Can deep neural networks super-resolve satellite imagery to a high perceptual quality? This thesis explores the juxtaposition between the pixel accuracy and perceptual qualities of super-resolved imagery by comparing and combining a discriminative and a generative network. Rather than solving a theoretical problem, we tackle a real-world low-resolution scenario: Sentinel-2 imagery is super-resolved and evaluated against high-resolution aerial photos as ground truth; this is in contrast to super-resolving previously down-sampled data, which is the methodology used in most other studies. An existing feed-forward network architecture designed for super-resolution, called DeepSUM, is used to super-resolve multiple low-resolution images by a factor of four to obtain a single high-resolution image. DeepSUM is trained using a range of loss functions, to assess the e ect on network accuracy. A novel loss function is created, called variation loss, to help better define edges and textures to create a sharper, perceptually better product. Using an SSIM loss function gives the best result in terms of pixel-based performance. Running DeepSUM alone creates a superior output compared to bicubically up-sampling the input data, but the output is blurry and not photo-realistic.

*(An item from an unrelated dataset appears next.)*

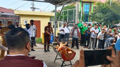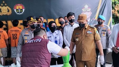 Kabarsimalungun.com || BATU BARA — Bupati Batu Bara Baharuddin Siagian pimpin pemusnahan barang bukti nakoba bersama Kapolres Batu Bara AKBP Doly Nelson HH Nainggolan, unsur Forkopimda dan Kepala BNNK Batu Bara AKBP Arnis Syafi’i Yanti, barang bukti yang di musnahkan jenis narkotika sabu seberat 30 kg, ekstasi seberat 22,4 kg dan daun ganja seberat 25,6 kg, di halaman Satres Narkoba Polres Batu Bara, Senin (25/08/2025) sekitar pukul 10.00 Wib.

A probabilistic model from the literature, ESRGAN (Enhanced SRGAN), a Generative Adversarial Network, is trained against both raw Sentinel-2 data and the output of DeepSUM. Using ERS-GAN for super-resolution, creates a perceptually better, more realistic looking output. However, the ESRGAN output is less accurate than the DeepSUM output, as measured using pixel-based metrics. Combining ESRGAN with DeepSUM is found to inherit some of the advantages of both approaches. In an end-to-end process, using ESRGAN with the output of DeepSUM trained using variation loss is found to super-resolve an image to better show boundaries, textures and detail.